Des Weiteren ist eine automatische Updatefunktion integriert, welche sich auf Mausdruck abrufen lässt. In sekundenschnelle baut dieses die Verbindung zum Server auf und ruft die Aktualisierungen ab. Ansonsten kann man noch übergreifende Programmeinstellungen an TuneUp vornehmen.

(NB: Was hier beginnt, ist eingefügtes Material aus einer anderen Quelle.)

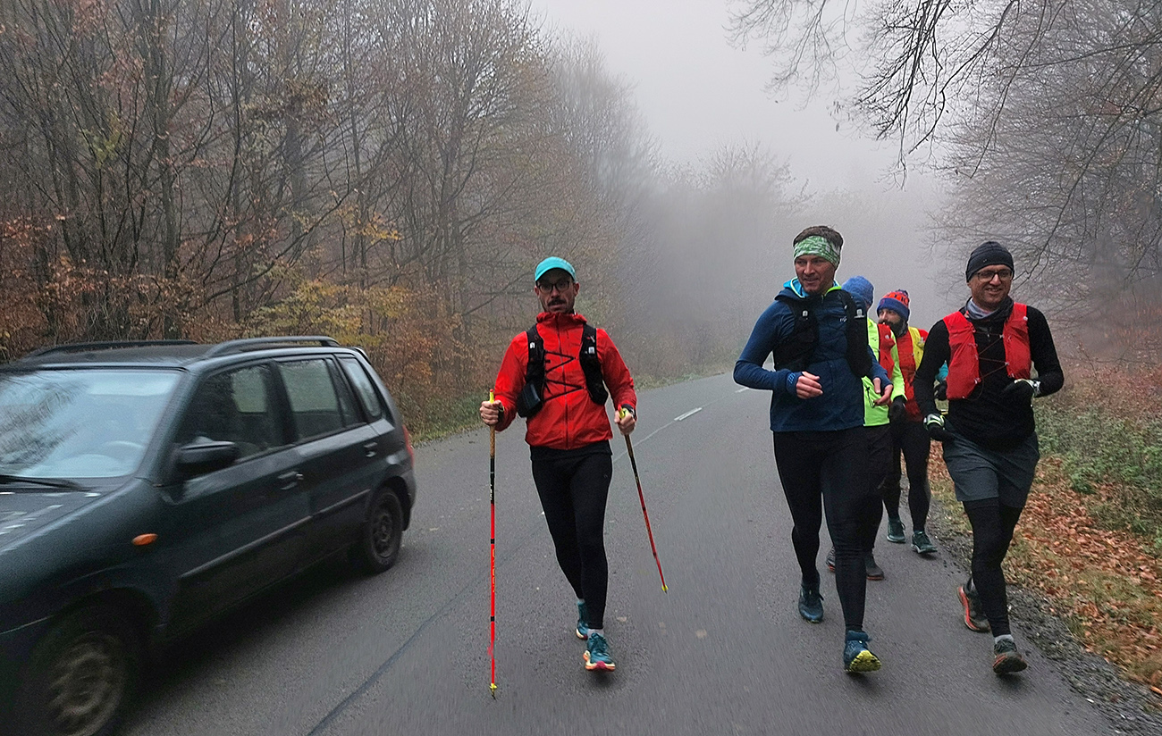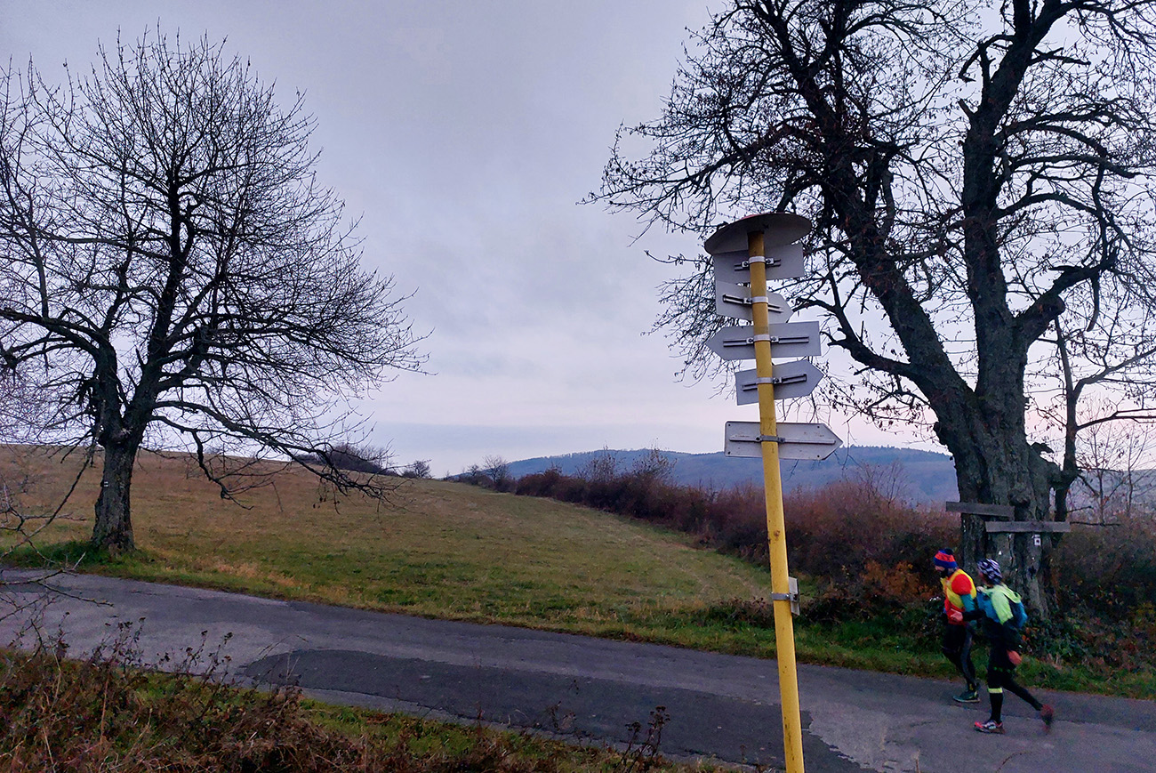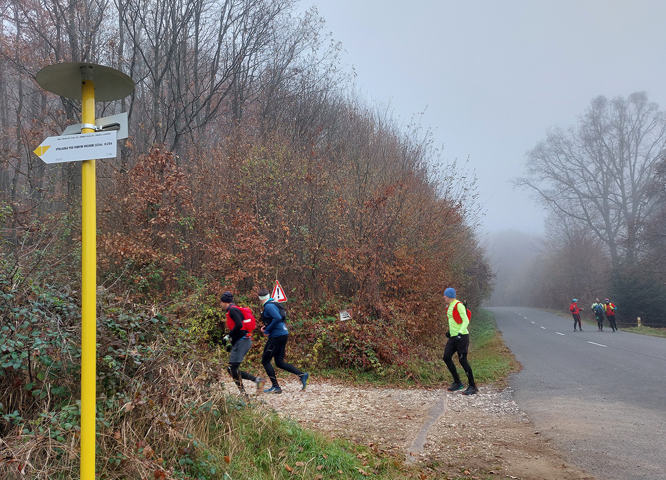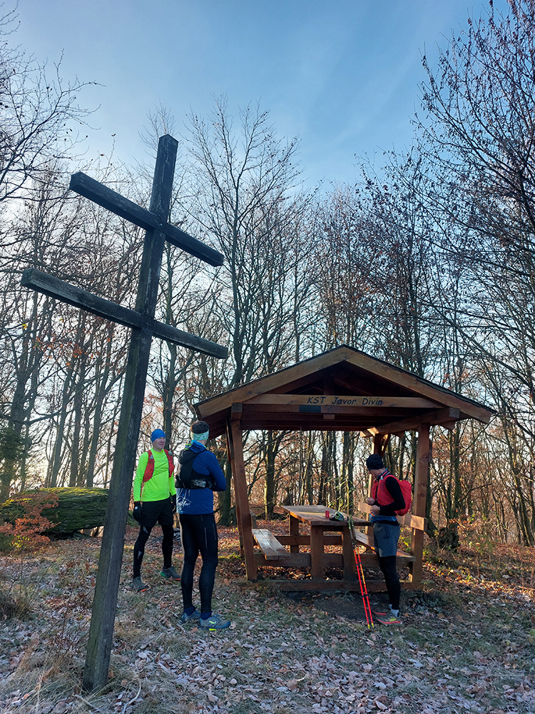 Cieľ Javorníckej stovky – Kuko s Náčelníkom stoja bokom a kujú dáke pikle. Bulvár ide akože náhodou okolo, podozrivo stíchnu... Bulváru to samozrejme nedá, šmejdí naokolo, naťahuje uši, nedá sa odohnať, a tak po chvíli už má pre istotu pozvánku „vo vrecku“. Na 16. november do Podkriváňa, skade vraj odštartuje pokusný, nultý ročník novej slovenskej ultraakcie. S parametrami „čosi cez 50 km a čosi cez 2000 výškových“ je to síce len detská trať, ale s jej krajinárskymi kvalitami bude isto kandidovať do zoznamu obľúbených. S podporou SUT to tiež bude isto na špičkovej úrovni. A ešte keď Kuko ozaj tie langoše napečie, ako sľubuje... Toľko pre budúcu históriu, aby sa raz vedelo, ako to začalo, a pome behať – Kuko napozýval z celého Slovenska, nakoniec vraj ale dominovali výhovorky a mrazivé ráno pred obecným úradom (jasno, -5) našlo na parkovisku dokopy osem pokusných králikov. Z toho štyroch z Turca – len aby sa vedelo, kto si zaslúži za tú obetavosť zľavy na štartovnom! Z tých ôsmich jeden vraj čerstvý otec, ktorý zmizol vpredu, že musí byť rýchlo doma (dal to za šesť hodín). Zvyšok sa pred ôsmou vybral hore dedinou, družne vykecávajúc. Takže nasleduje správa pre ultrahistorikov, ako to pri pobehovaní Timraviným krajom vyzeralo. Akurát, že bulvárne hodinky zaštrajkovali a počítať začali až od Divína, takže gpx (hore) aj mapka sú len požičané:
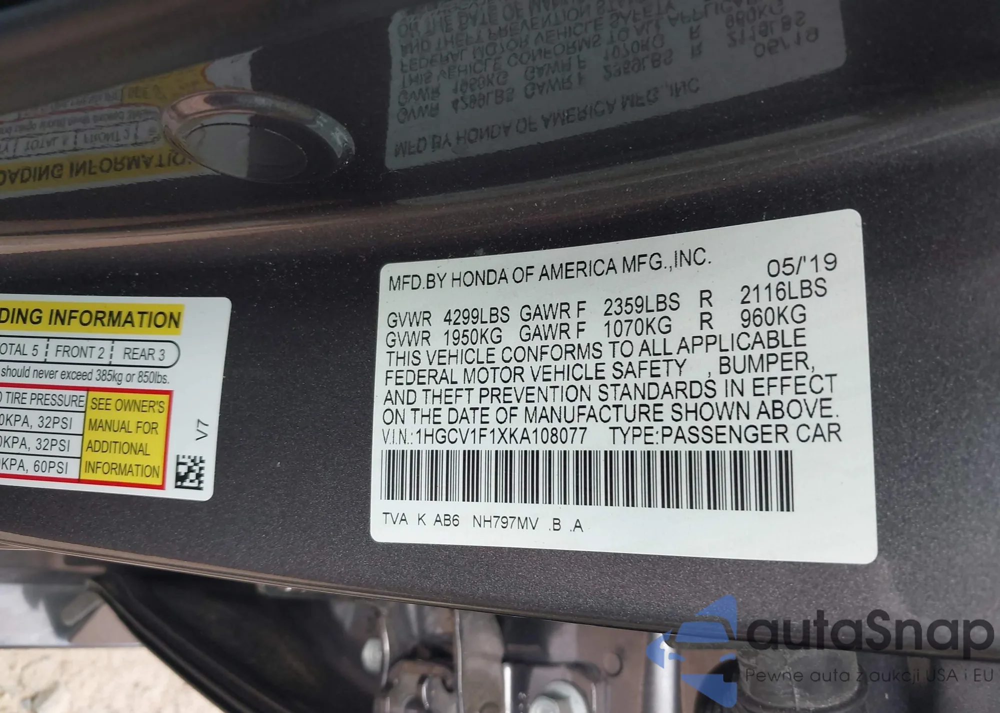 LOT: 42727831 VIN: 1HGCV1F1XKA108077
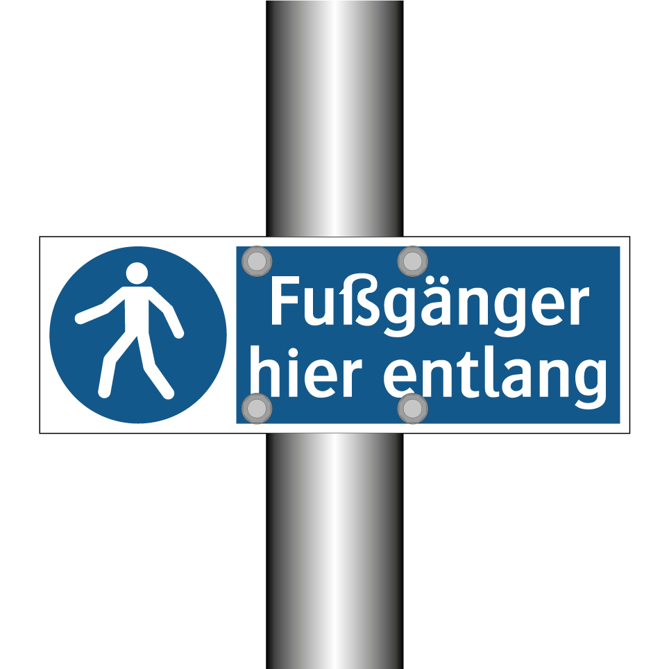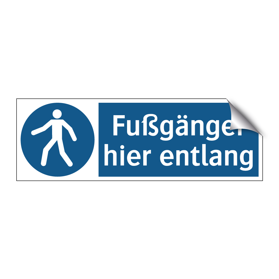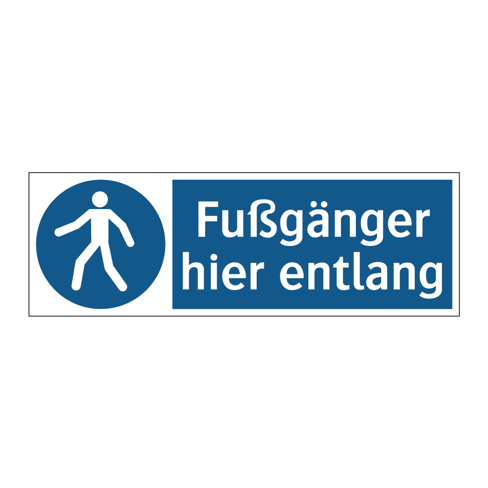 Gebotsschild mit dem Text Fußgänger hier entlang

Design & Übersichtlichkeit

Meine Erfahrung mit der Vorgängerversion war wirklich sehr gut und schon bei diesem konnte ich behaupten, dass Design und Übersichtlichkeit wirklich Top sind/waren. Was der Hersteller mit diesem Nachfolger jedoch fabriziert hat ist wirklich alle Ehren wert. Das Design ist sehr modisch, jedoch auch dezent gehalten, blau überwiegt hier sehr stark. Allerdings ist dies nicht von Nachteil, im Gegenteil. Man findet alles auf Anhieb, was wohl auch an der exzellenten Anordnung aller Bereiche und deren Funktionen liegt. Kaum ein Programm hat mich jemals so stark beeindruckt, dass ich es mir sofort kaufen musste.
Fazit also, dass das Design Top ist und die Übersichtlichkeit sich wirklich sehen lassen kann. Egal welcher Hersteller eines solchen Programms, hier kann man sich wirklich eine Scheibe von abschneiden.


Bedienbarkeit

Perfektes Design und Übersichtlichkeit sind meist schon mehr als die halbe Miete. Allerdings sollte das Programm auch in jeder Hinsicht einfach zu bedienen sein. Und das ist mit diesem wirklich gegeben. Jeder findet sich auf Anhieb mit dem Programm zurecht und taucht einmal eine Frage auf klickt man einfach mit der rechten Maustaste auf die jeweilige Funktion und schon wird einem diese erklärt. Von Anfänger bis Profi, jeder weiß sofort, was gemeint ist. Und wenn nicht macht ja nichts, man hat ja wie angesprochen die Quick Hilfe. Einfacher geht es nun wirklich nicht.


Stabilität

Die einen Hersteller brauchen ewig, bis sie ihr Programm auf die Beine gestellt haben, die anderen veröffentlichen eine Beta Version nach der anderen. Wie schön, dass die Hersteller dieses Programms nur fünf Betaversionen ins Rennen schickten um dann endlich die finale Version zu veröffentlichen. Und dies war wirklich nicht zu früh. War enthält jedes Programm Fehler, doch TuneUp ärgerte mich bei fast täglicher Anwendung noch kein einziges Mal. Lediglich bei schon instabilen Systemen macht es nicht immer den perfektesten Eindruck. Doch dies ist wohl bei vielen Programmen der Fall.


Fazit

Ein Lob an den Hersteller, ein Lob für das Programm. TuneUp Utilities kann man schon nicht mehr als Nachfolger bezeichnen. Es ist von Grund an neu aufgebaut, übersichtlicher gestaltet und erschlägt einen fast mit seinen Funktionen. Die Bedienbarkeit und Übersichtlichkeit ist natürlich ebenfalls ein Lob wert und die Auswirkungen des Programms auf mein System verdienen ohnehin schon die volle Punktzahl. Von daher kann ich nur sagen – testen und kaufen. Wie schön, dass es noch auf allen gängigen Microsoft Betriebssystemen läuft, ausgeschlossen DOS.